# Labs with BLUE eyes



## gdluck (May 27, 2005)

Looking for a pup I ran across an add for a fox red with BLUE eyes. Any ideas how that can happen?

A google search AFTER the fact answere all the questions.


----------



## Julie R. (Jan 13, 2003)

If it was a puppy, it's very common for them to have blue eyes til 3 mos. or longer if the eventual eye color will be light yellow. All puppies' eyes are blue when they first open but brown-eyed dogs turn to brown within a week or two. Chesapeakes have amber to yellow eyes, so they stay blue or blue green longer. The faster they turn, the darker the eventual eye color will be. The dog in my avatar, Panda, had blue eyes til she was almost 6 mos. As you can see, they are very light yellow. Below is a photo of one of her pups at 8 wks. with her baby blues.


----------



## mostlygold (Aug 5, 2006)

Oh that one will never do anything wrong. Just look at that angelic face.

dawn


----------



## moscowitz (Nov 17, 2004)

Dawn you getting ready to meet my two new young chessies. Jay is son of Larry and Sam is son of MIke Coutu's FC Chester. They are both very different but you can't take your eyes off them for a second.


----------



## firehouselabs (Jan 23, 2008)

I have a female lab from Code Blue lines that has/had a blue eye. It was blue green at 7 wks and instead of getting darker and turning brown like her right eye did, it just kept getting lighter until it turned an icy blue with yellow tints to the outer ring. Had her CERF'd and found out that it was a fluke and did not hurt her vision nor was it a cause for not breeding in the future. There is a name for the condition (same thing that collies, shelties, and australian shepherds, and huskies have that can cause bi-colored or merle eyed dogs) but off the top of my head I can't think of it. As she has gotten older, it is more an icy yellow with blue hints. 
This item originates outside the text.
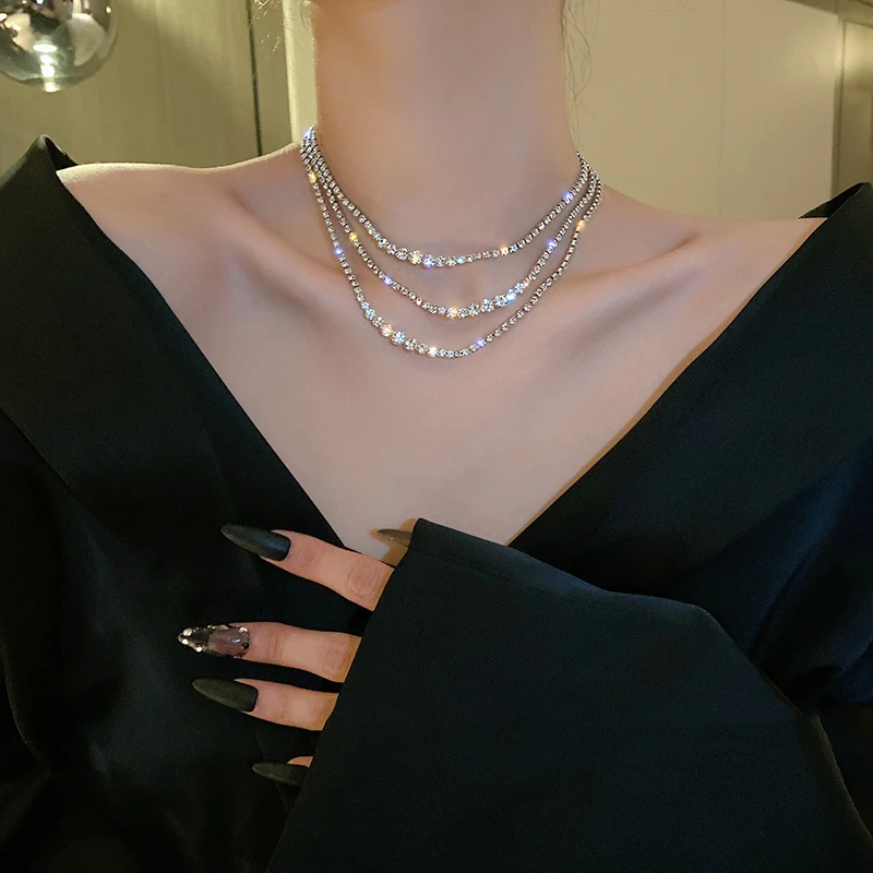 Fleepmart Korean Fashion Shining Full Rhinestone Choker Necklaces For Women Geometric Simple Luxury Crystal Necklaces Statement Jewelry

Now, just because it does not preclude my breeding of this dog (possibly in the future), it should *NOT* be perpetuated as a selling point or as some _rare_ or _special_ type of lab! No one trait (especially something as stupid as color of coat or eyes) should be the main focus of breeding! If that is the main selling point for a litter, don't walk away- run!


----------



## windycanyon (Dec 21, 2007)

I've never seen blue after 3-4 wks here. No idea!


----------